And then if you have a combination with other alarm symptoms, then it can still make you do the genetic testing. So it's a combination of early onset obesity, hyperphagia, only one in the family, and other alarm symptoms, which are listed and also in the article of the diagnostic workup we wrote, you can look at back in the table. So I think that's an important thing that the diagnosis, the age of the generation effect is important.
And for syndromic obesity, it's more around. And also, some of our patients, they developed obesity around puberty and monogenic, we found often more seven or lower of age. And in this specific patients, also when people compensate a lot, if they are exercising every day, and they're trying to limit their food intake, despite their hyperphagia, but they're still having a BMI of 33, including alarm symptoms, that that is making us testing it.
So BMI itself is not a good cutoff. There can be very well a lifestyle induced obesity and having an BMI of 40, 45, for example. And I see also the optimal patient profile for the use of MySIMBA.
Yeah, we use it specifically when patients, for example, are having the craving. So they had dinner, but they're still craving afterwards. I think that this profile is sometimes very well responding for the naltrexone bupropion, the MySIMBA.
Okay, lovely. Thank you. Are there any further questions at the moment, or would we prefer to move on? There will be time at the end as well.
But if anybody does have any questions, you can either raise your hand or pop them in the chat. I see more questions, but I think because of time, let's first do Carine, and then we can come back to that at the end. Okay.
Lovely. So I'll just do a quick introduction of Carine. And then as before, I'll put the bio in the chat so you can read that at your own time.
But Carine is MD, PhD, medical doctor and a professor in nutrition based in Paris. Her and her group have contributed to more than 400 highly cited publications. And she has received several national and international prizes and contributed to several scientific advisory boards and international consortia.
So Carine, the floor is yours. Yeah, thank you, Katie. Okay, so I share my screen.
Okay, can you see it? Is that okay? Yes, very well. Perfect. Thank you.
So hi everyone. So thanks to EA for this very kind invitation. So I think our presentation, well, we make complementary presentation, I will focus on the role of pharmacotherapy in genetic obesity.

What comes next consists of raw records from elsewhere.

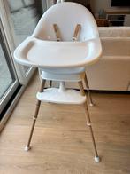 Kinderstoel met eettablet. Te gebruiken op 3 hoogten. Wanneer je hem gebruikt als kinderstoel is de hoogte 62cm, aan een tafel is de hoogte 83cm en aan het eiland, de hoogste stand, is de hoogte 92cm.
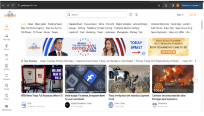 ▲“干净世界”的登录页面,展示“新唐人”(“法轮功”旗下媒体)的广告(图源:《哥伦比亚新闻评论》)
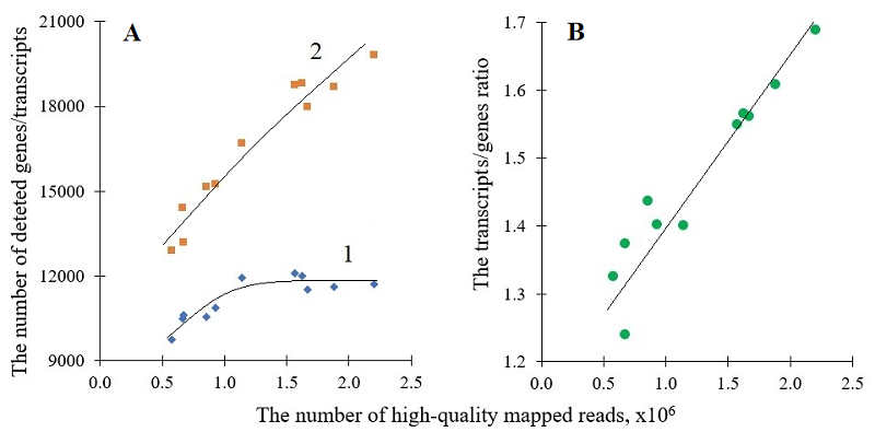 CONCLUSIONS In MinION-based nanopore sequencing, the yield of detected genes and transcripts substantially depends on the sequencing depth presented as the sequencing output in high-quality mapped reads. While practically all of actively transcribed genes appear to be detected when the reads output exceeds 1.2 million, the number of revealed transcripts steadily increased over the studied range of reads output. The yield of more than 2.3 million high-quality mapped reads would be required in the MinION-based nanopore sequencing in order to approach the level of 1.8 transcripts (splice variants) per gene, expected from the known numbers of annotated genes and transcripts for human genome. The sequencing data used have been produced for human liver tissue and hepatocyte-derived cells and it is still to be seen whether the made conclusions can be generalized to other types of cells and tissues. COMPLIANCE WITH ETHICAL STANDARDS The collection of human liver tissue samples was approved by the Ethical Committee of the N.I. Pirogov Russian State Medical University (Protocol #3; March 15, 2018). FUNDING This work was financed by the Ministry of Science and Higher Education of the Russian Federation within the framework of Agreement No. 075-15-2024-643. CONFLICT OF INTEREST The authors declare no conflict of interest. REFERENCES

So here are my disclosures. And so as we heard in the first part of the session, we spoke about all these key medical questions regarding the diagnosis of rare form of severe obesity. And we had discussion together with Erica and Elisabeth about obesity management in this patient with basically monogenic form of obesity or syndromic of obesity.
And you understood that there are major issues, which are of course, control of hyperphagia and or weight gain. And something very important was said about the importance of the control of hyperphagia, because that's a major factor factors and patients are suffering of this severe hyperphagia. And we understood also that obesity management in this patient is as multifaceted aspects with, of course, the role of taking care of dysfunction, behavior, comorbidities, and there is also an important role of caregivers.

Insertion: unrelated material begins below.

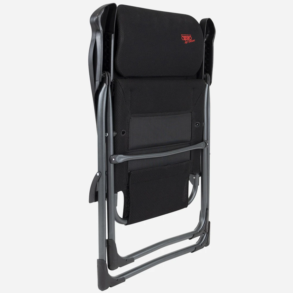 Ein extrem kompakter Stehstuhl. Der Stuhl lässt sich sehr flach zusammenklappen, er gilt auch als der flachste Campingstuhl. Dieser Stuhl bietet maximalen Komfort mit seiner 7-fach verstellbaren Rückenlehne und der stufenlos verstellbaren Kopfstütze.

I will come back telling you some words about biatric surgery, but my focus today is really to speak about the new approach and basically new pharmaceutical therapy. And now there has been great progress in this field. So I will start again by a clinical case.
And this is a young person. Her first name is Sarah, and I met her when she was 13. And as you can see on this part here, so you recognize what Erica has told you is a very rapid increase in body mass index from birth.
And what you have here, the first two body mass index curve are patient with leptin receptor deficiency. And with the squares here, this is the chart from Sarah, and you immediately recognize the very rapid increase in body mass index and, of course, weight. And it's like a patient with leptin receptor variance.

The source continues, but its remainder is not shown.